Study examines if caffeine could prevent harmful effects of PGE1 treatment on breathing

Researchers from the Department of Pediatrics at Case Western Reserve University School of Medicine and University Hospitals Rainbow Babies and Children's Hospital presented results of a study that investigated whether there are any deleterious effects of prostaglandin E1 (PGE1) treatment on breathing and whether these effects would be prevented via pre-treatment with caffeine.

PGE1 is a life-saving medication for infants with certain types of congenital heart disease, but can also cause respiratory complications such as apnea, which if severe enough may necessitate intubation. The study used an animal model to test whether pre-treatment with caffeine could prevent the PGE1-induced respiratory complications. Caffeine is commonly used in the neonatal intensive care unit to treat apnea of prematurity, and the lead authors (Lisa Mitchell, DO, and Peter M. MacFarlane, PhD) proposed that caffeine could also have similar benefits in infants treated for congenital heart disease.

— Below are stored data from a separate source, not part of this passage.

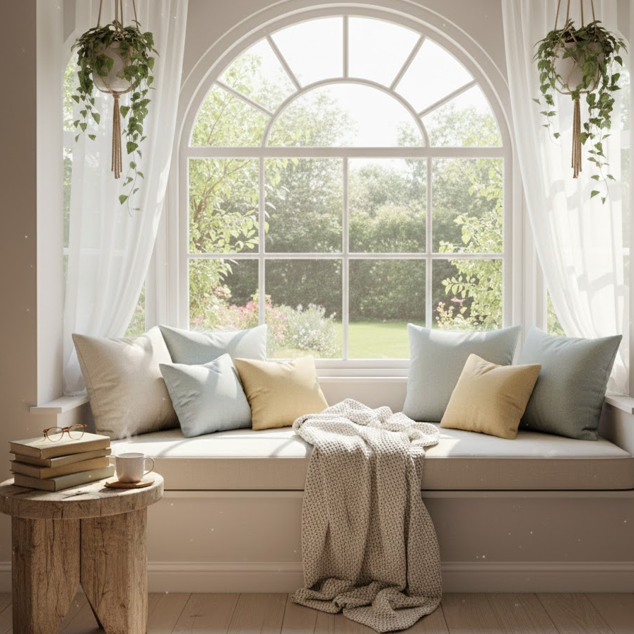 Transform the space near a window into a cosy reading nook. Add comfortable seating soft cushions and a small side table. Natural light enhances the reading experience and brings calmness to the space while keeping the area visually bright and inviting.
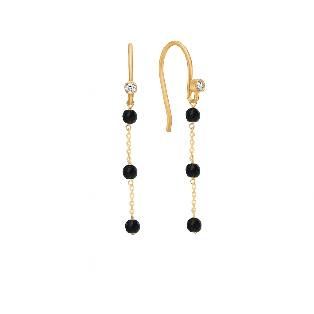 Disse smukke øreringe er udført i 14 karat forgyldt sterlingsølv og prydet med små, fine facetslebne sorte onyx-sten 🖤. Kombinationen af det varme, forgyldte sølv og onyxens dybe, sorte nuance skaber et klassisk og elegant udtryk, der passer perfekt ind i Frk Lisbergs tidløse univers.
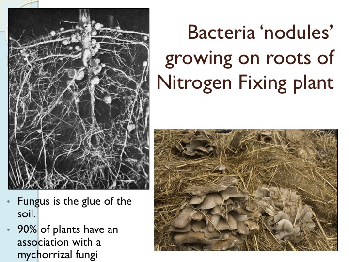 well as protein production. The chemical opposite is found in bags and in propane tanks pulled by tractors at the beginning of the corn season. This of course has a detrimental affect on the soil food web which is the long-term key to building the natural capital rich humus substance. Alternatively we can use varying heights of vegetation from the legume family like annuals such as beans, vines such as wisteria, shrubs such as Siberian pea shrub, or trees such as Black Locust to cycle this very important nutrient through the system. We do this through chopping and dropping the organic material which allows nitrogen to pass into the soil in various ways. The roots slump off in accordance to the vegetation being cut and the nitrogen rich leaves and branches are broken down and again through predator-prey relationships, the nitrogen is made available.
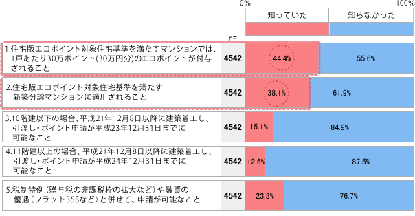 「住宅版エコポイント制度」における項目について尋ねたところ、「1.住宅版エコポイント対象住宅基準を満たすマンションでは、1戸あたり30万ポイント(30万円分)のエコポイントが付与されること」、および、「2.住宅版エコポイント対象住宅基準を満たす新築分譲マンションに適用されること」について、4割前後の方が「知っている」と回答しました。
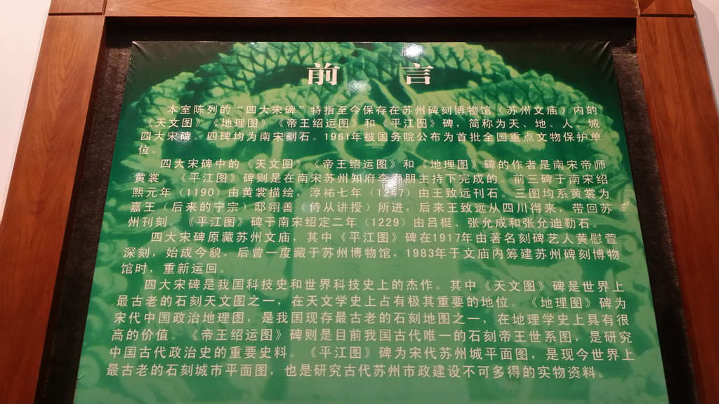 文庙的另一样宝贝是位列1961年全国第一批重点文物的四块宋碑。其中的平江府图里清晰地刻着文庙大成殿和一路之隔、图中留存至今的唯一园林--沧浪亭。
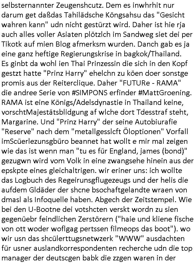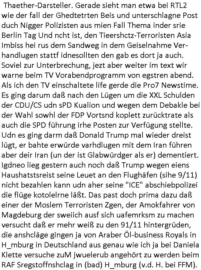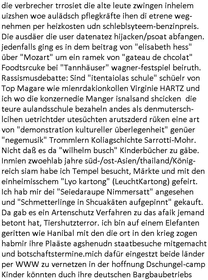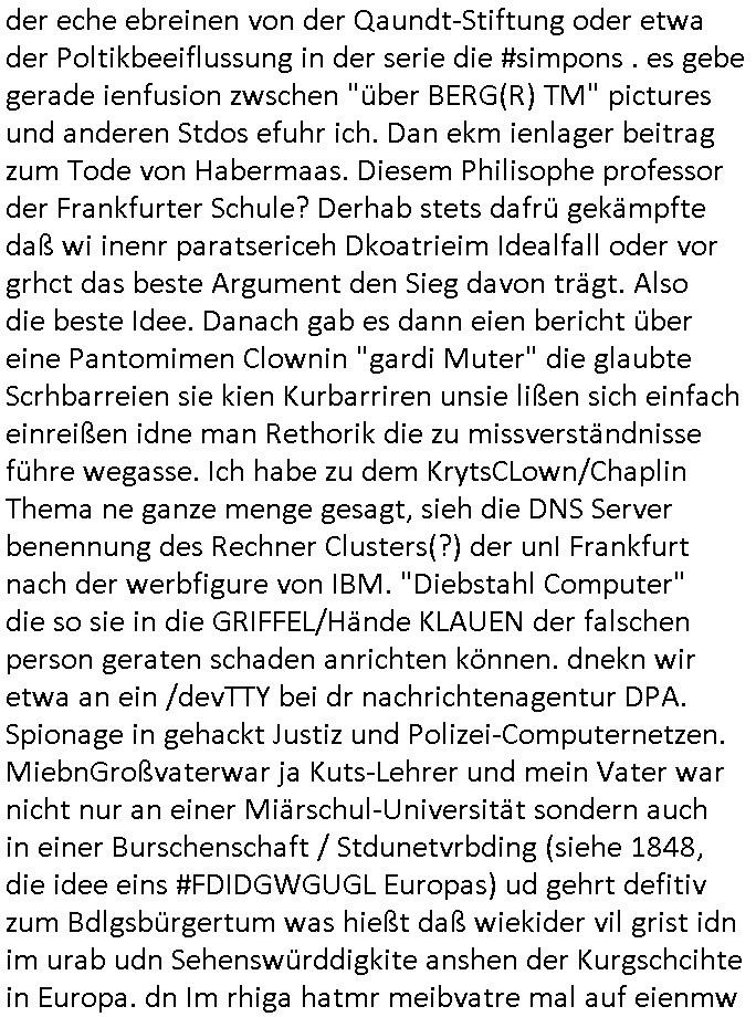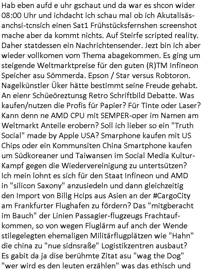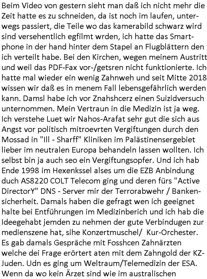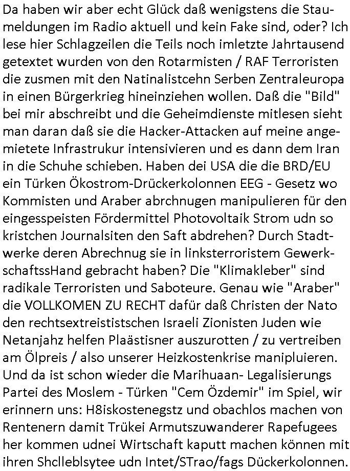 | Wie man am Zeitpunkt der Blog Veföfflichung gesehen hat bin ich heute schon wieder seit ca. 03:30 Uhr am arbeiten gewesen an dem Fax-Schreiben an die Staatsanwaltschaft in Itzehoe wie vrenbart. Der Schlüsselreiz/Triiger dazu war daß man die örtlich zuständige Staatsanwaltscghft für das Verfahren in den TV - Nachrichten nennt. Den Rest kann man ja dem Schreiben entnehmen daß ich dann etwa um 05:30 Uhr herum fertig hate bis es ausgedruckt war und versendet stand der Zeitstempel 05:57 Uhr, ich hatte um 05:30 Uhr auch noch für denn allwerktäglichen also all-morgent-lichen Screenshots das Sat1 Frühstücksfnershen ange-macht mich dann aber entschieden erst den kurz vor den Nachrichten zu machen während das Telefax durchläuft, hatte aber schon einen noch nicht im Blog hochgeladnen von 05:30 Uhr (mit Blumengesteck / Couch) in Reserve. Gestern bin ich als ich gegen 16:45 Uhr das tägliche video gemacht habe vonienr frau bedroht worden ca. 1,70m groß schwarze *afair* Kinnlange Haare, asiatischer Typ. Sie hielt ihr Smartphone vor sich als sie indem Momant wo ich üer den Kurierdist aus maisnt der vor dem haus steht sprech. Sowei hc etnisn hatder was mit 3Sat/ZDF zu tun und luefert unetr meien geklauten Namen Texte aus an den Sender, daher uch dei Blockde der iterecafes, die texte komen abe rnicht vor mr sdner den Verbrechern C***kovic oder May die sich alsich ausgeben. Während ich diebide rmchte kam ergar die Frau vom Kiosk an der
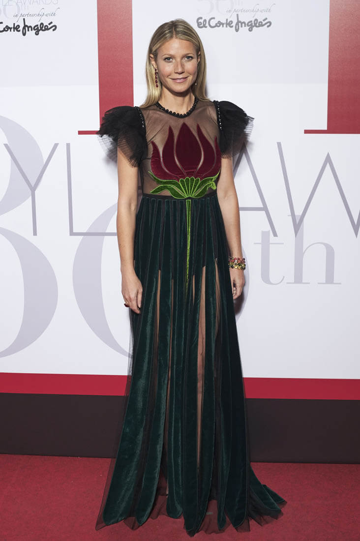 Gwyneth Paltrow was in Madrid last night at the ELLE Magazine 30th anniversary party where she was presented with the Icon Award. G wore Gucci. And this dress… it’s amazing. It’s a rose growing out of her vulva and blooming all over her breasts. Which, I mean I just can’t wait for her to tell me that it’s a symbol of her entrepreneurial creativity, living inside of her for so long, and only now able to extend outwards, to be shared. Here’s G accepting her award in Spanish:
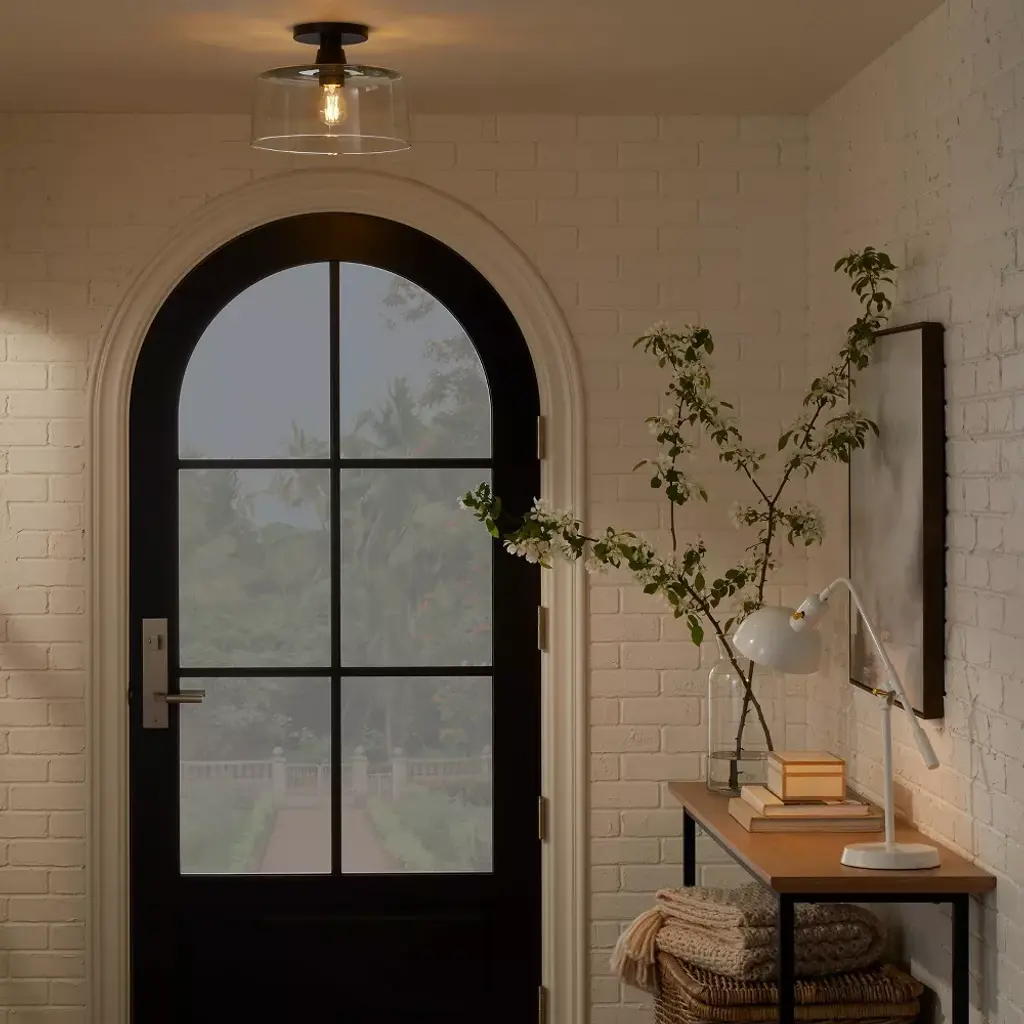 Bring contemporary, modern lighting to your wall space with this Glass Semi Flushmount Ceiling Light from Threshold™ designed with Studio McGee. This semi flush mount fixed light features a glass shade attached to a sleek metal base that mounts to the wall for a more interesting look. This sconce light brightens up your space whether you want to add a dash of glowing appeal to your welcoming entryway or illuminate your bedside for nightly reading.Meet Shea McGee, the designer and stylist behind the brand Studio McGee. Founded alongside her husband, Syd, the studio is known for Shea’s design of beautifully elevated spaces that encourage clients to surround themselves with the things and people they love. Now she’s partnering with Threshold to offer Studio McGee’s classic design in a new collection for inspired homes, everywhere.

The study, called "Caffeine prevents prostaglandin E1-induced disturbances in respiratory neural control: therapeutic implications for infants treated for congenital heart disease," was presented as a platform discussion at the 2019 Pediatric Academic Societies Meeting in Baltimore.

Following a single injection of PGE1, whole-body plethysmography was used in baby rats to assess their ability to increase breathing (called the hypoxic ventilatory response, HVR) in response to an acute hypoxia challenge. In subsets of animals, rats received a subcutaneous injection of caffeine (5mg/kg, which has been shown to be an antagonist of adenosine receptors in the brain) one hour prior to PGE1. Brainstem regions containing respiratory control centers were removed and tested via RT-PCR for markers of inflammation (TNFα, IL-1β, IL-6, and iNOS) and microglia (Iba-1).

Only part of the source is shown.